Whispers in the power corridors suggest that sooner or later, the sleuths will land on Kejriwal's doorstep. His home and office have been raided in the past. AAP leaders claim the arrested leaders are being "tortured" and pressured to name Kejriwal in the liquor scam. But Kejriwal is one of the country's tallest leaders and it will not be easy for the agencies to touch him. The liquor scam has undoubtedly dented his image but a large section of people is not willing to accept any corruption smear against Kejriwal, an IIT alumnus and former bureaucrat.

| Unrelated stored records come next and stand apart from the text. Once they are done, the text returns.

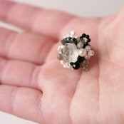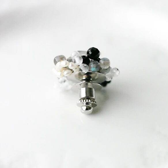 【ちいさな花束ブローチ】1点もの・水晶・ラブラドライト・オニキス・ヘマタイト・淡水真珠 ブローチ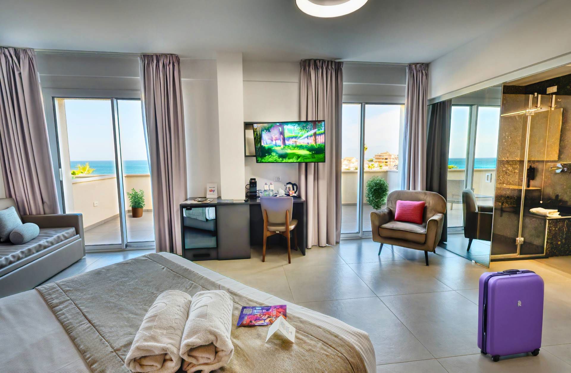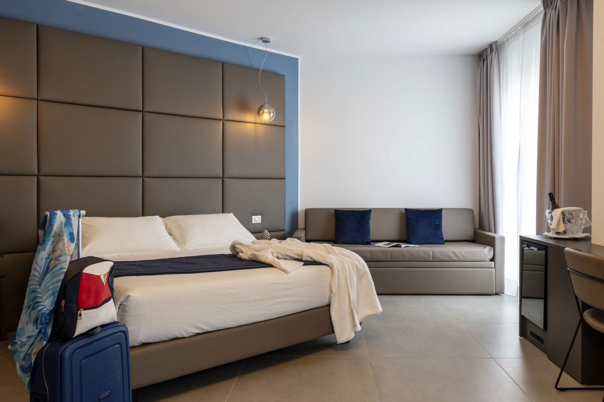 An oasis of peace and calm, where to spend a quiet stay, cheered up by the sea view and large, comfortable spaces: the Junior Suites of the resort accommodate couples, families or small groups in the name of charm and comfort.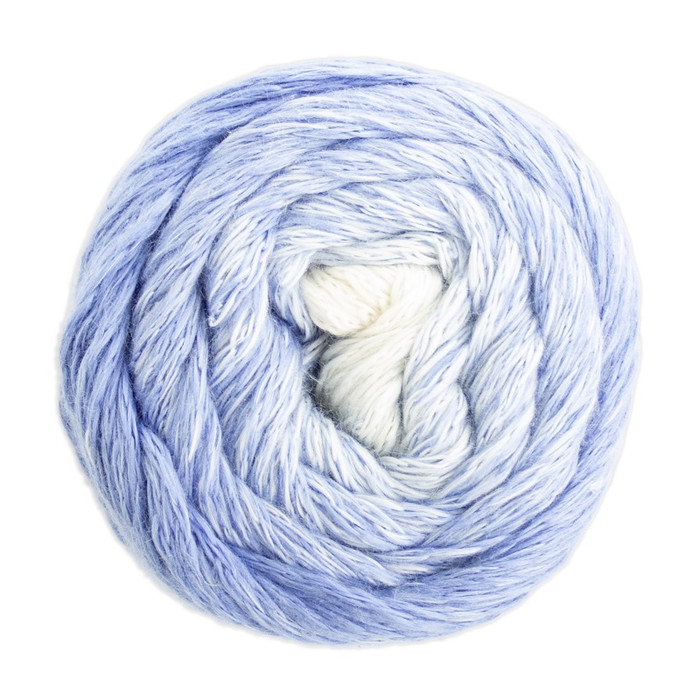 Die Sky besteht zu 100% aus Baumwolle und ist ein leichtes und überraschend weiches Garn. Ein Knäuel hat eine Lauflänge von 250 m/100 g und gestrickt wird mit Nadelstärke 5-6. Das Knäuel hat einen Farbverlauf über das ganze Knäuel die Farben verlaufen von einem hellen Blau bis zu Natur.

There is also a perception that AAP leaders are being victimised by the Modi government because the party handed humiliating defeats to the BJP, not once but twice in Delhi, and even wrested the civic body MCD from the BJP. The overwhelming victory in Punjab and AAP's entry in Gujarat have also catalysed the probe agencies' action.

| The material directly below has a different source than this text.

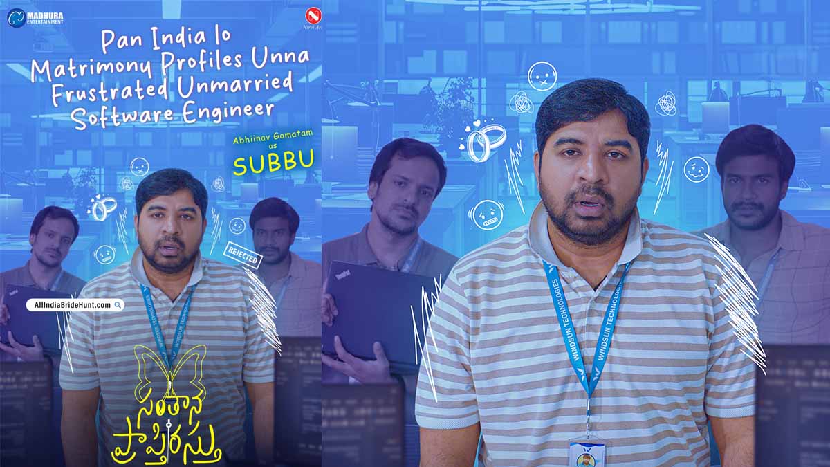 Today, the character poster of Abhinav Gomatam as the software engineer ‘Subbu’ from Santhana Prapthirasthu was released. In this film, Abhinav portrays Subbu, a frustrated, unmarried software engineer with pan-India matrimony profiles. His comedic portrayal of Subbu’s exasperation promises to provide plenty of laughs for the audience. Director Sanjeev Reddy is tackling a contemporary issue in an entertaining way, with Santhana Prapthirasthu generating much curiosity among the audience. The film is set to have a grand theatrical release soon.

Kejriwal can potentially emerge as a serious challenger to Modi, and AAP can pose a threat to the BJP nationally, having shown a propensity to use Hindutva symbols to connect with Hindu voters.
Unlike other opposition leaders, Kejriwal and his team have no hesitation in shouting 'Jai Shri Ram' from a public platform. His government has promised to transport senior citizens to Ayodhya for Lord Ram's Darshan (viewing).

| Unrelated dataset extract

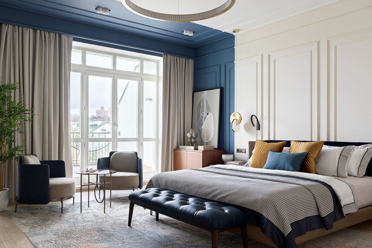 Панелями с текстильной обивкой можно оформить как всю стену целиком, так и ее часть. Например, это очень удобно, когда стоит задача выделить определенную функциональную зону цветом или фактурой. Здесь можно использовать контрастные цветовые решения, принты, ручную роспись. Такая деталь станет интересной деталью, а возможно, и главным украшением интерьера.
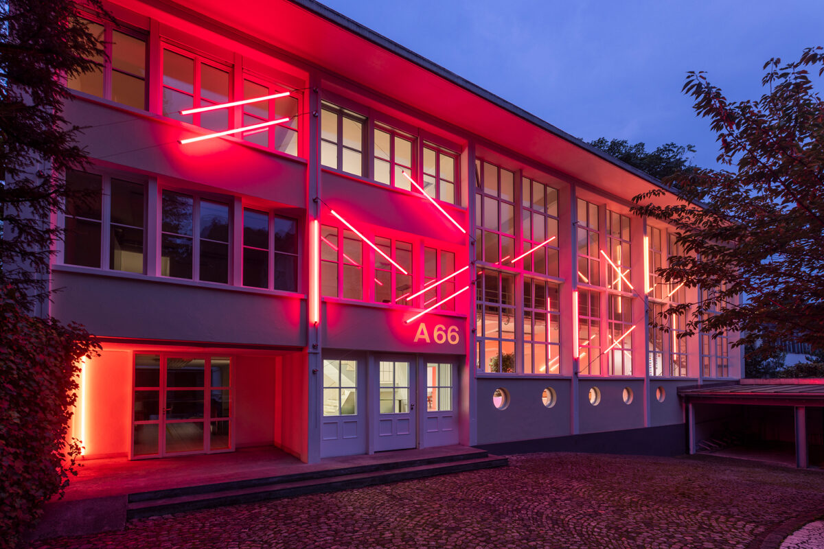A66 is an example of how an existing building can be revitalised thanks to precisely placed media gestures. Together with our partner companies, we succeeded in transforming the former printing plant into a modern dialogue platform.

Kejriwal's talent for using social media platforms is legendary. He might not have the luxury of institutional memory, but he has mastered the art of hardcore politics. That is why many feel he is a bigger threat to Modi than Rahul Gandhi. It is in this context that Kejriwal and his party have realised that being soft on Modi won't lead them anywhere. It damages their USP as a party that loves to call a spade a spade and feeds the narrative that the party has surrendered before Modi and has become the B-Team of BJP.
AAP has also realised that not speaking against Modi has not fetched any dividends. Rather, institutional attacks on the AAP government in Delhi have increased exponentially. If AAP faced trouble during Najeeb Jung and Anil Baijal's stints as Lieutenant Governor (LG), after VK Saxena's takeover it is war.
Manish Sisodia's arrest was the tipping point. Kejriwal has lost all hope of mending relationships with Modi. He is left with two options - either leave the battle without fighting or go down fighting. He has chosen the second option and the Adani issue has come at the most opportune time. After his initial hesitation, he jumped in.
There is no doubt that Rahul Gandhi has taken the lead and he should be credited for making the Adani issue a national talking point. He is also paying the price. He lost his membership of parliament. Yet, he is not willing to surrender before Modi. In Kejriwal, now Rahul Gandhi has an ally who is more articulate and social media savvy.
Kejriwal's full-throated personal attack on Modi in the Delhi assembly is calculated. He has three objectives in mind.
One, if the agencies grab him in the future, he can project himself as a martyr who is paying the price for raising an issue in the larger public interest.
Two, it will help him reclaim lost ground in the fight against corruption, which is AAP's core value and the very reason for its existence.
Three, this will further raise his stock among opposition leaders. Why should only Rahul Gandhi have all the fun and credit? This is also Kejriwal's convoluted way of throwing his hat in the ring. Who knows what will happen in the future?
Knowing Modi, this is a dangerous game. This might be a fight to the finish. But Kejriwal has always been a gambler, a great gambler.
(Ashutosh is author of 'Hindu Rashtra' and Editor, satyahindi.com.)
Disclaimer: These are the personal opinions of the author.